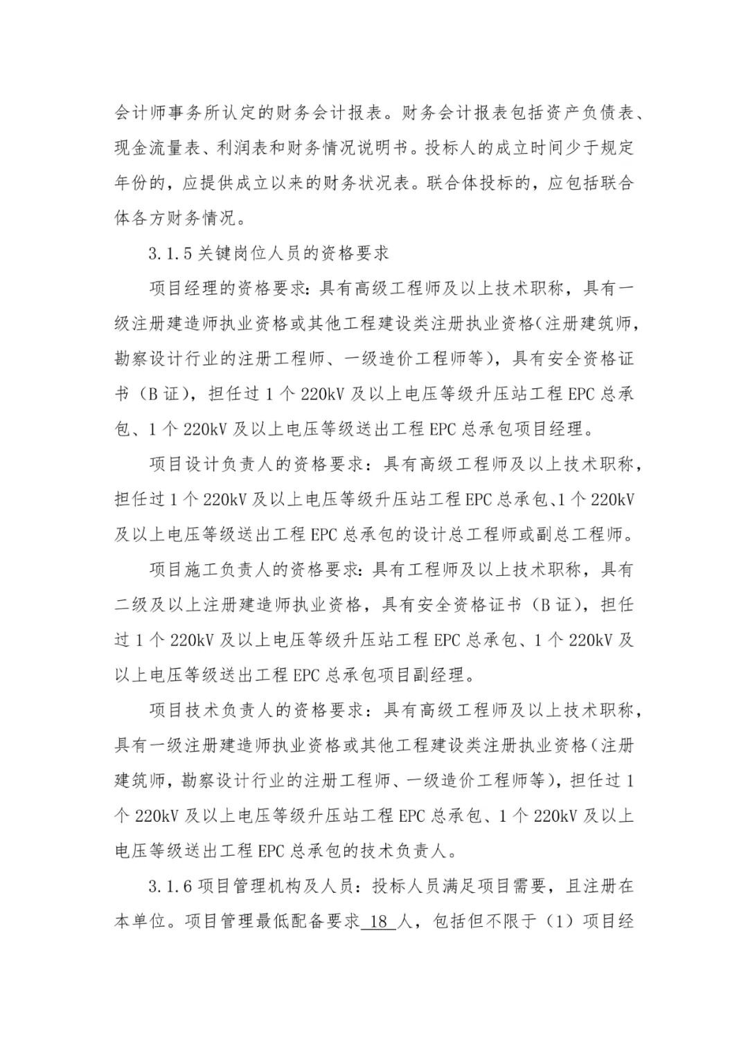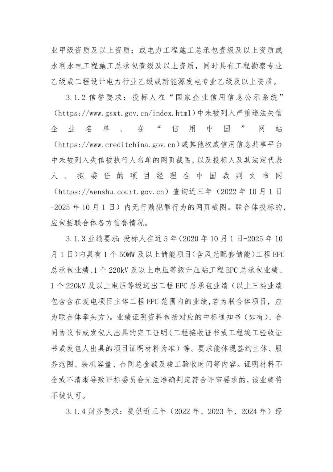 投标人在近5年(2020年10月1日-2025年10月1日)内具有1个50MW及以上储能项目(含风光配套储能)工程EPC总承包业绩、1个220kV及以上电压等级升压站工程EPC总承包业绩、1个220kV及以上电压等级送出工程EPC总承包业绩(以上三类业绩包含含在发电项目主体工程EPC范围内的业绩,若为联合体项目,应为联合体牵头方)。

===

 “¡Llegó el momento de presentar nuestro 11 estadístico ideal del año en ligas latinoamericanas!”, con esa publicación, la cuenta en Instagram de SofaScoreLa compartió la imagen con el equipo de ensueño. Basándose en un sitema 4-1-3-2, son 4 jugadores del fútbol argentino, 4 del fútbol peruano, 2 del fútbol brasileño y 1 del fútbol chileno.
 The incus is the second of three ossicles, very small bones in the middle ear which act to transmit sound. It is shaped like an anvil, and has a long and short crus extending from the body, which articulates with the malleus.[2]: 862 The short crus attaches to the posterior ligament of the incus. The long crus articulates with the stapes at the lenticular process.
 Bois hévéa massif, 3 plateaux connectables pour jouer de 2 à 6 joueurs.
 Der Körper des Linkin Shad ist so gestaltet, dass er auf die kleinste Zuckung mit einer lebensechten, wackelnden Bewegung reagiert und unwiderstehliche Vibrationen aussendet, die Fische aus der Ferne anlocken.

===

THE TASK ::
Out of the listing above, reproduce exactly the lines from the one with "Bois hévéa massif, 3" up to and including the one with "Der Körper des".

OUTPUT OF THE EXERCISE ::
 Bois hévéa massif, 3 plateaux connectables pour jouer de 2 à 6 joueurs.
 Der Körper des Linkin Shad ist so gestaltet, dass er auf die kleinste Zuckung mit einer lebensechten, wackelnden Bewegung reagiert und unwiderstehliche Vibrationen aussendet, die Fische aus der Ferne anlocken.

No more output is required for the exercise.